▸ **WHAT IS REQUIRED**
Beginning with the opening line, set down each line of the material below exactly, stopping once the line with "2015年8月25日,Hon" is done.

[SUPPLIED DATA — start]

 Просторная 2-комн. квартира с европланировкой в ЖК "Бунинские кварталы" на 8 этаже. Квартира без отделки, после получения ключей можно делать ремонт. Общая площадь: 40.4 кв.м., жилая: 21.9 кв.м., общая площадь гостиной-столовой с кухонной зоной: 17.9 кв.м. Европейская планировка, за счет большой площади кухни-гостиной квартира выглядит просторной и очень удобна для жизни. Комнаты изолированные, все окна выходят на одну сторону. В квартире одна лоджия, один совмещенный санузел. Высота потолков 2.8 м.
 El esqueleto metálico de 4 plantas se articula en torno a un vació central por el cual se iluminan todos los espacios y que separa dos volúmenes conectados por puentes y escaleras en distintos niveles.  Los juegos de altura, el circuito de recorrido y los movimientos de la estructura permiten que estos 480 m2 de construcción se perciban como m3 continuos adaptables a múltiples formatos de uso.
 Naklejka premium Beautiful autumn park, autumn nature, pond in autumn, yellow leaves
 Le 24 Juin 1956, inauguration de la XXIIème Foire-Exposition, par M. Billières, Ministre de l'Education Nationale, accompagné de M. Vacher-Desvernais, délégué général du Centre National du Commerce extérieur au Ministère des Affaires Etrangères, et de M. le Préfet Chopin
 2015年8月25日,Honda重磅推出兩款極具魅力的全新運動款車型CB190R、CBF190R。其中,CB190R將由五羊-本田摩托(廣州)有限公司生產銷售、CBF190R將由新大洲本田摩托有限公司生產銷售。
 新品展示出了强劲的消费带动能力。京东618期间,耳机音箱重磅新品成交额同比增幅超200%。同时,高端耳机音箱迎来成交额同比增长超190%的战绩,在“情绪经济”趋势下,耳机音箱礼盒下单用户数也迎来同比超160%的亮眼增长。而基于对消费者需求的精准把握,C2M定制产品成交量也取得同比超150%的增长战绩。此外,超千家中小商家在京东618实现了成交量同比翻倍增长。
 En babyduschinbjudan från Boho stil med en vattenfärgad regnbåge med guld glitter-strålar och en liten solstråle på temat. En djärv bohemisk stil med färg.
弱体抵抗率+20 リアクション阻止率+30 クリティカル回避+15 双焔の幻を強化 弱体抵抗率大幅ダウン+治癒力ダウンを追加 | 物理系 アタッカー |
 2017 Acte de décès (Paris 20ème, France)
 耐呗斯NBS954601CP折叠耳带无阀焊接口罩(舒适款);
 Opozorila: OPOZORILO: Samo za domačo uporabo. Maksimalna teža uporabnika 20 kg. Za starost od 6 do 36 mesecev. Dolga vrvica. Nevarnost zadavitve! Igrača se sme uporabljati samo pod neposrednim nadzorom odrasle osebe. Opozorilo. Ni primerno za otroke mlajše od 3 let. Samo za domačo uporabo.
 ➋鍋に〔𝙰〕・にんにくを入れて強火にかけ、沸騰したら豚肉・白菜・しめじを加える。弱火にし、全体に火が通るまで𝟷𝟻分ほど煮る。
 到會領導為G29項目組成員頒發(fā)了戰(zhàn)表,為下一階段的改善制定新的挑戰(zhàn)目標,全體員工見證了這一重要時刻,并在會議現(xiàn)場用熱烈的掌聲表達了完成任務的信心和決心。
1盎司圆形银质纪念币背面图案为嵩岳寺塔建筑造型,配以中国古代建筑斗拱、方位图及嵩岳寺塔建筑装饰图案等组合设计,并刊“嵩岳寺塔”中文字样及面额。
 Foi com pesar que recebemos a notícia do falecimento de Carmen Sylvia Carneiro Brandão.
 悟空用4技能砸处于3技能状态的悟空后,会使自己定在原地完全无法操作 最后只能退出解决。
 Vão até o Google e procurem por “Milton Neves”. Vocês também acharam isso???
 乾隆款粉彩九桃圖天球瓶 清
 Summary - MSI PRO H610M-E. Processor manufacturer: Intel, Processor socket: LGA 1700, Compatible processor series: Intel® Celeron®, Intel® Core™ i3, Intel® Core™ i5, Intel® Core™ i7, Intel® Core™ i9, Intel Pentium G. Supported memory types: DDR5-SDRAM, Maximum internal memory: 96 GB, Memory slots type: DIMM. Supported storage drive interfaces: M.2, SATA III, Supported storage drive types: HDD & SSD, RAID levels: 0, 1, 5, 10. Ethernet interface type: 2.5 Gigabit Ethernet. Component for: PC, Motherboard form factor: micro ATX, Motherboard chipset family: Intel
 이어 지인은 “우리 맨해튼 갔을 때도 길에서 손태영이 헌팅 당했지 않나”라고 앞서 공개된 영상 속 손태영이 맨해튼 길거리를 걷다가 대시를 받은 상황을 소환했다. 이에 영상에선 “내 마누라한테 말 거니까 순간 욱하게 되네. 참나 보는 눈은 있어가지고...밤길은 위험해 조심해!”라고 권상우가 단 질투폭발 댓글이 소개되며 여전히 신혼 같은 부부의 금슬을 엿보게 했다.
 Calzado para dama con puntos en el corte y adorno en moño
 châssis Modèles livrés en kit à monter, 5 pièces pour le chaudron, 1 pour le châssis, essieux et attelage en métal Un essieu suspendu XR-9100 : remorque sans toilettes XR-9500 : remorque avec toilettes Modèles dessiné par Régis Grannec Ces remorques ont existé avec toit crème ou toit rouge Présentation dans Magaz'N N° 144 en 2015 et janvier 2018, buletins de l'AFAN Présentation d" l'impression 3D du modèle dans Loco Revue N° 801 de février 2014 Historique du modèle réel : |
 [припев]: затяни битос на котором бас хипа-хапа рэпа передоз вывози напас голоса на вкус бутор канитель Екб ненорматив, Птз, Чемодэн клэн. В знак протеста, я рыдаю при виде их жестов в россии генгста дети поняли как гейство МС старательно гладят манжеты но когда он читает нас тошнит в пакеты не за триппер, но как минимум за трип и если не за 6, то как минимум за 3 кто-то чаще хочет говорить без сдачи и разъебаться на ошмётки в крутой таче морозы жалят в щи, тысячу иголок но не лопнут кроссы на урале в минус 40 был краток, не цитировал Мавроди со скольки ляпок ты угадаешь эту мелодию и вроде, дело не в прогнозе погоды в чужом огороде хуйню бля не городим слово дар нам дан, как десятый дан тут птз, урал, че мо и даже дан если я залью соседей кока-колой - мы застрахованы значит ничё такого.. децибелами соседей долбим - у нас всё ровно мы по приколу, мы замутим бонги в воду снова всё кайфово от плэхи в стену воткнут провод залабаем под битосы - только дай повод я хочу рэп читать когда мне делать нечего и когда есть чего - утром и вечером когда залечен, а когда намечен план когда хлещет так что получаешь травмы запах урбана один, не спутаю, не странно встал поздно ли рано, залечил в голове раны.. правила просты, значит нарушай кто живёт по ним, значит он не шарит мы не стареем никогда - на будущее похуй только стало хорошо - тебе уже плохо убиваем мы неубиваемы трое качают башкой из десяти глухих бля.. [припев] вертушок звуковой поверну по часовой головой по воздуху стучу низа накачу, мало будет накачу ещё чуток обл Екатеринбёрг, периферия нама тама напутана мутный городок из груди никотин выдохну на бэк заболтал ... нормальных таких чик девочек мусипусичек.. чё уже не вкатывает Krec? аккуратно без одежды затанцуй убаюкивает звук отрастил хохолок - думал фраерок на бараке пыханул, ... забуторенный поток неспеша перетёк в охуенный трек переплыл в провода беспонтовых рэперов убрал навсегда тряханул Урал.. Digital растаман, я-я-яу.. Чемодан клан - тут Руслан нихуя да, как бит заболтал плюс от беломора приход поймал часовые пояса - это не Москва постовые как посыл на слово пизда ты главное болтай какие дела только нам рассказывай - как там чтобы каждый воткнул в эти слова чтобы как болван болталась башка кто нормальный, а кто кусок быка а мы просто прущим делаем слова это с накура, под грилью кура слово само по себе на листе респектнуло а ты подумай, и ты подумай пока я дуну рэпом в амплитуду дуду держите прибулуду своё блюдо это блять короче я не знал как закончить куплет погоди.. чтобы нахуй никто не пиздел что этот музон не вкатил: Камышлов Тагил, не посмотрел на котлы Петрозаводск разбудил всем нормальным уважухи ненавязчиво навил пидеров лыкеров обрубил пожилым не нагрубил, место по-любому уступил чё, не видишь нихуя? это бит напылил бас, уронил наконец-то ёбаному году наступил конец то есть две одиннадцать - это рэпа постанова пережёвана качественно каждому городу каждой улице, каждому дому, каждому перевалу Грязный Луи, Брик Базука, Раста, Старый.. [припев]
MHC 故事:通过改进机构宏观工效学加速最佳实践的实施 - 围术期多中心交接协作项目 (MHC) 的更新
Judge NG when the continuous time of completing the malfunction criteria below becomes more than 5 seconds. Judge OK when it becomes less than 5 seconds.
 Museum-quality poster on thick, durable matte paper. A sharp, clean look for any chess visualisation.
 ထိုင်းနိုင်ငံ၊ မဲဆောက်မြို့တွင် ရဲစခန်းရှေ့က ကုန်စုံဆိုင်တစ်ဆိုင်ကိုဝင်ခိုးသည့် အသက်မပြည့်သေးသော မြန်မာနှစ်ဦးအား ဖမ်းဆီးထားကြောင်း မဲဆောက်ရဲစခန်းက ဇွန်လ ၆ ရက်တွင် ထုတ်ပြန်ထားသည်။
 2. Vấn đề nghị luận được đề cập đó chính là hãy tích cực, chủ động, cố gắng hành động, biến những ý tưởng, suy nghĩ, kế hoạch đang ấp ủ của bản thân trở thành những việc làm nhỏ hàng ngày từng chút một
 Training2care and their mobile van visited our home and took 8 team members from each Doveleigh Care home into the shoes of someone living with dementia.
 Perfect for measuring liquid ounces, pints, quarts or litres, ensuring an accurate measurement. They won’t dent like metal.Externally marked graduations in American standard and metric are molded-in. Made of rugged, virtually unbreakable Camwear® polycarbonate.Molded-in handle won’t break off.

[SUPPLIED DATA — finish]

▸ **RESULT OF THE TASK**
 Просторная 2-комн. квартира с европланировкой в ЖК "Бунинские кварталы" на 8 этаже. Квартира без отделки, после получения ключей можно делать ремонт. Общая площадь: 40.4 кв.м., жилая: 21.9 кв.м., общая площадь гостиной-столовой с кухонной зоной: 17.9 кв.м. Европейская планировка, за счет большой площади кухни-гостиной квартира выглядит просторной и очень удобна для жизни. Комнаты изолированные, все окна выходят на одну сторону. В квартире одна лоджия, один совмещенный санузел. Высота потолков 2.8 м.
 El esqueleto metálico de 4 plantas se articula en torno a un vació central por el cual se iluminan todos los espacios y que separa dos volúmenes conectados por puentes y escaleras en distintos niveles.  Los juegos de altura, el circuito de recorrido y los movimientos de la estructura permiten que estos 480 m2 de construcción se perciban como m3 continuos adaptables a múltiples formatos de uso.
 Naklejka premium Beautiful autumn park, autumn nature, pond in autumn, yellow leaves
 Le 24 Juin 1956, inauguration de la XXIIème Foire-Exposition, par M. Billières, Ministre de l'Education Nationale, accompagné de M. Vacher-Desvernais, délégué général du Centre National du Commerce extérieur au Ministère des Affaires Etrangères, et de M. le Préfet Chopin
 2015年8月25日,Honda重磅推出兩款極具魅力的全新運動款車型CB190R、CBF190R。其中,CB190R將由五羊-本田摩托(廣州)有限公司生產銷售、CBF190R將由新大洲本田摩托有限公司生產銷售。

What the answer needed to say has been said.